ECLI:NL:CRVB:2021:2535
Centrale Raad van Beroep
- Hoger beroep
- Rechtspraak.nl
Beëindiging van nabestaandenuitkering en arbeidsongeschiktheidseisen
In deze zaak heeft de Centrale Raad van Beroep op 14 oktober 2021 uitspraak gedaan in hoger beroep over de beëindiging van de nabestaandenuitkering van appellante per 1 juli 2014. Appellante, die in Marokko woont, had een nabestaandenuitkering ontvangen na het overlijden van haar echtgenoot in 2013, maar deze werd beëindigd omdat haar jongste kind op 9 juni 2014 de leeftijd van 18 jaar bereikte. Appellante stelde dat zij ten minste 45% arbeidsongeschikt was en dat zij recht had op voortzetting van de uitkering. Het Uwv had echter vastgesteld dat appellante minder dan 45% arbeidsongeschikt was, gebaseerd op medisch onderzoek dat in Nederland had plaatsgevonden.
De Raad oordeelde dat er geen medische gegevens waren aangedragen die de vastgestelde beperkingen voor het verrichten van arbeid in twijfel trokken.

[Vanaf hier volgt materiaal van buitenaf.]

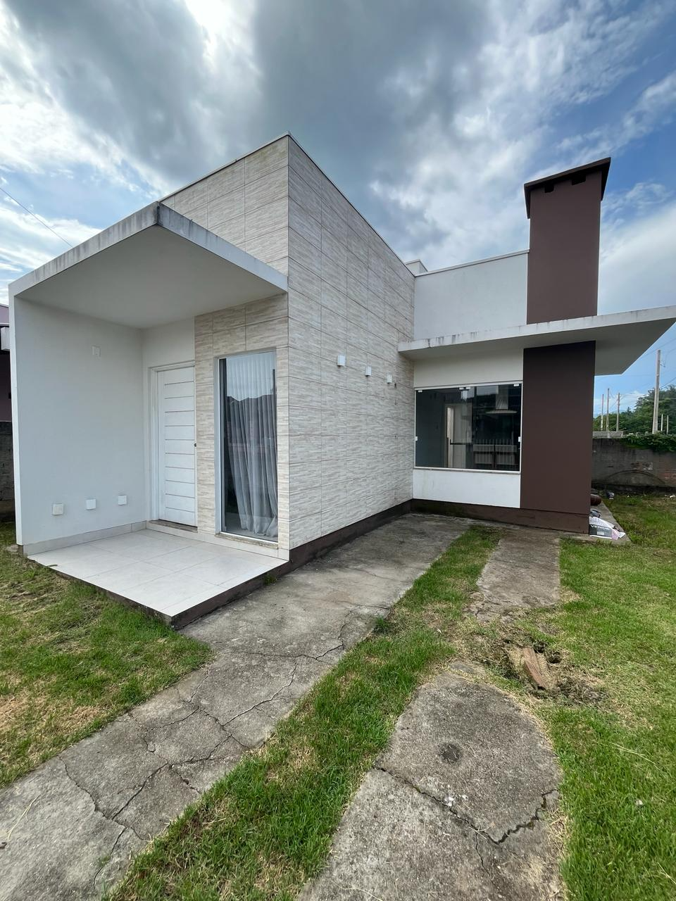 Casa de alvenaria com área de 58,89m², com design atual, possui 2 dormitórios, Sala de estar/jantar; Banheiro; Cozinha com churrasqueira e Lavanderia.

De Svb had terecht geen aanleiding gezien om contact op te nemen met de behandeld artsen in Marokko, aangezien alle relevante medische informatie was meegenomen in de beoordeling. De Raad bevestigde dat appellante geen recht had op een nabestaandenuitkering per 1 juli 2014, omdat zij niet voldeed aan de arbeidsongeschiktheidseisen zoals vastgelegd in de Algemene nabestaandenwet (ANW).
De uitspraak van de rechtbank Amsterdam, die het beroep van appellante ongegrond had verklaard, werd bevestigd. De Raad concludeerde dat de medische beoordeling door het Uwv zorgvuldig was en dat er geen strijd was met het rechtszekerheidsbeginsel. De beslissing van de Svb om de uitkering te beëindigen was dus terecht.